Source material section start
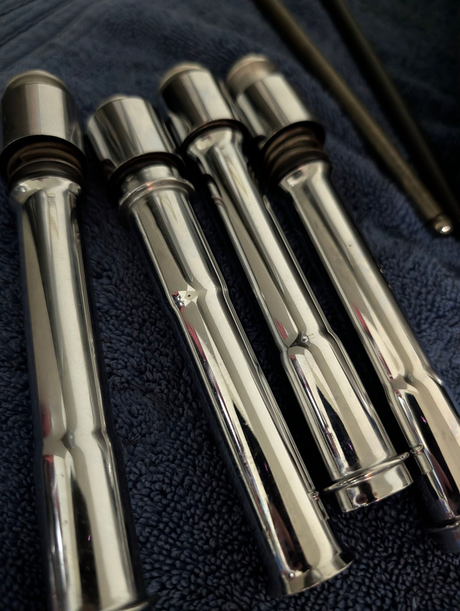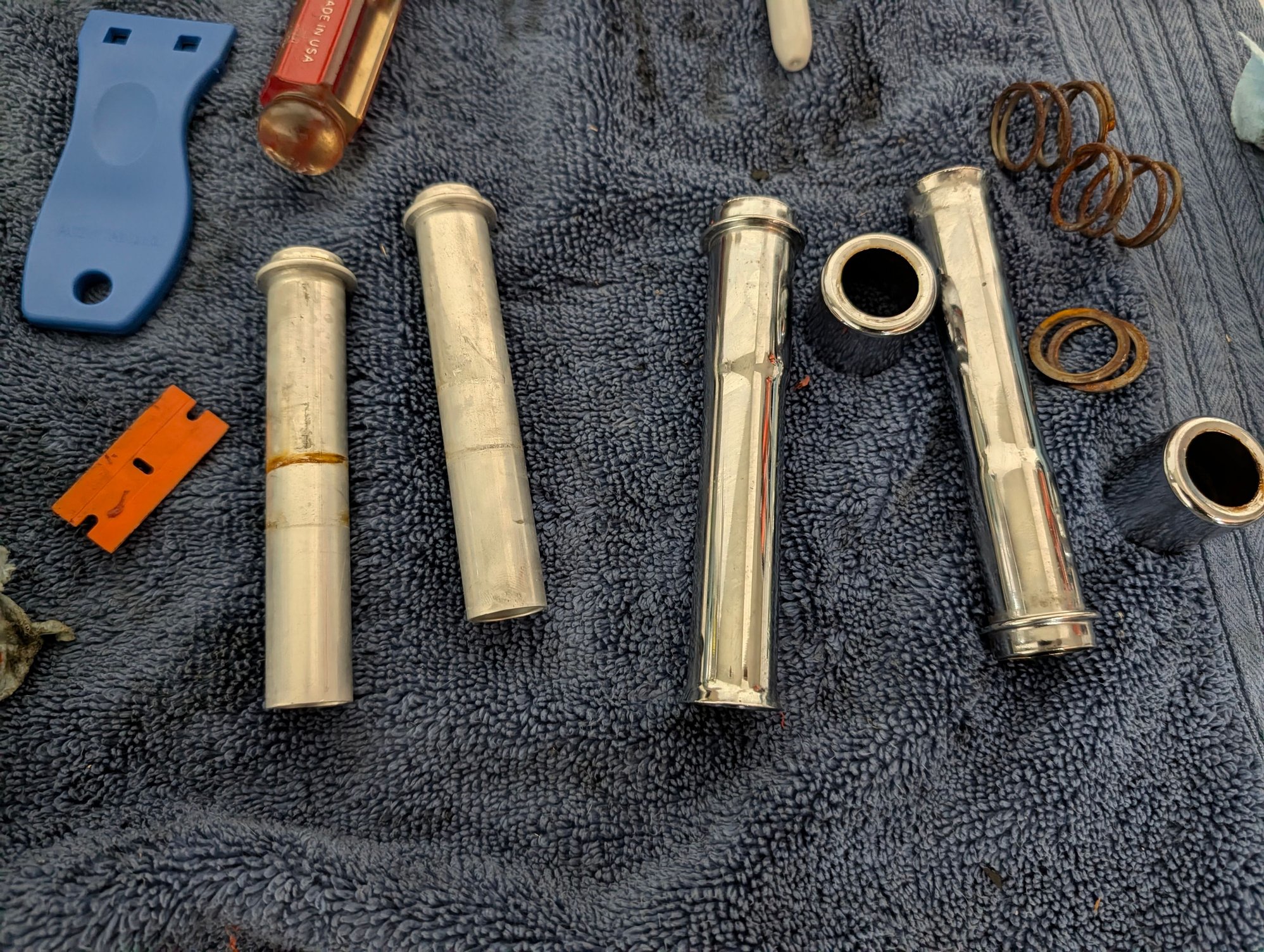 Cleaned up the pushrod covers, ran them through the ultrasonic cleaner with some simple green and hit them with the 0000 wool.
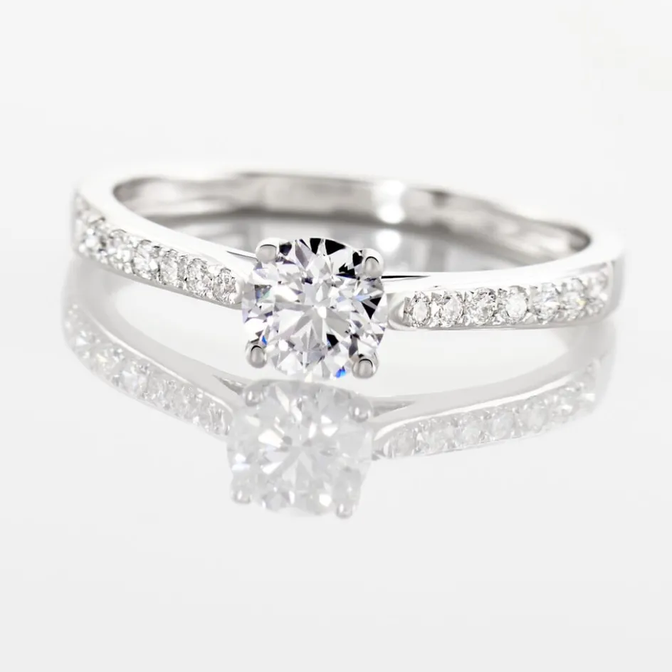 Solitaire Accompagne Or Blanc 750/1000 Diamant Synthetique 0.50cts
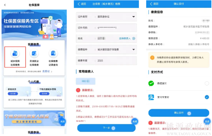 在“社保医保专区”进入城乡居民社保缴费服务页面,填写需缴费的参保人员信息,选择城乡居民医疗保险缴费险种,并选择2025年缴费年度。核对信息无误后点击“下一步”进行缴费,然后选择支付方式,点击“确认支付”进行缴费。
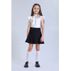 Юбка 2757-524-ТВК-340 (черный)Классическая школьная юбка из костюмного трикотажа для девочки. Модель на широком трикотажном поясе. Изделие легко надевается через голову, юбка без молнии и застежек. Низ юбки декорирован пышной оборкой.
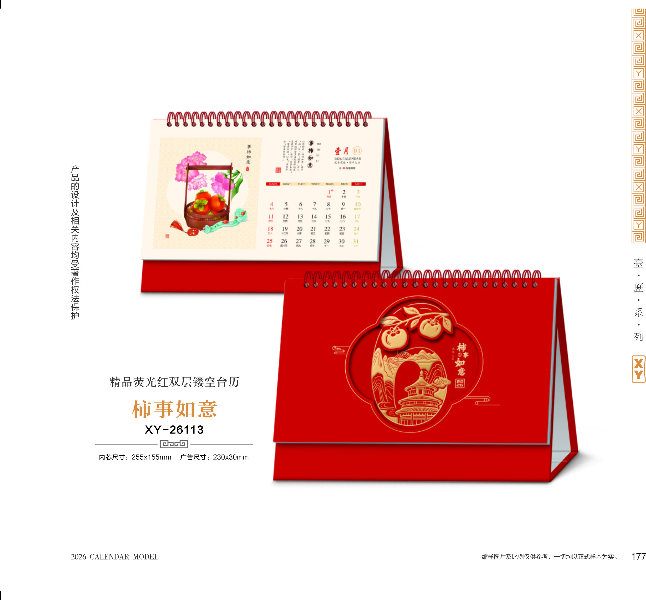 精品荧光红双层镂空台历-越来越好
Source material section end
# Exercise description
Each entry gets copied exactly; the pictures stay out.

# Task output
 Cleaned up the pushrod covers, ran them through the ultrasonic cleaner with some simple green and hit them with the 0000 wool.
 Solitaire Accompagne Or Blanc 750/1000 Diamant Synthetique 0.50cts
 在“社保医保专区”进入城乡居民社保缴费服务页面,填写需缴费的参保人员信息,选择城乡居民医疗保险缴费险种,并选择2025年缴费年度。核对信息无误后点击“下一步”进行缴费,然后选择支付方式,点击“确认支付”进行缴费。
 Юбка 2757-524-ТВК-340 (черный)Классическая школьная юбка из костюмного трикотажа для девочки. Модель на широком трикотажном поясе. Изделие легко надевается через голову, юбка без молнии и застежек. Низ юбки декорирован пышной оборкой.
 精品荧光红双层镂空台历-越来越好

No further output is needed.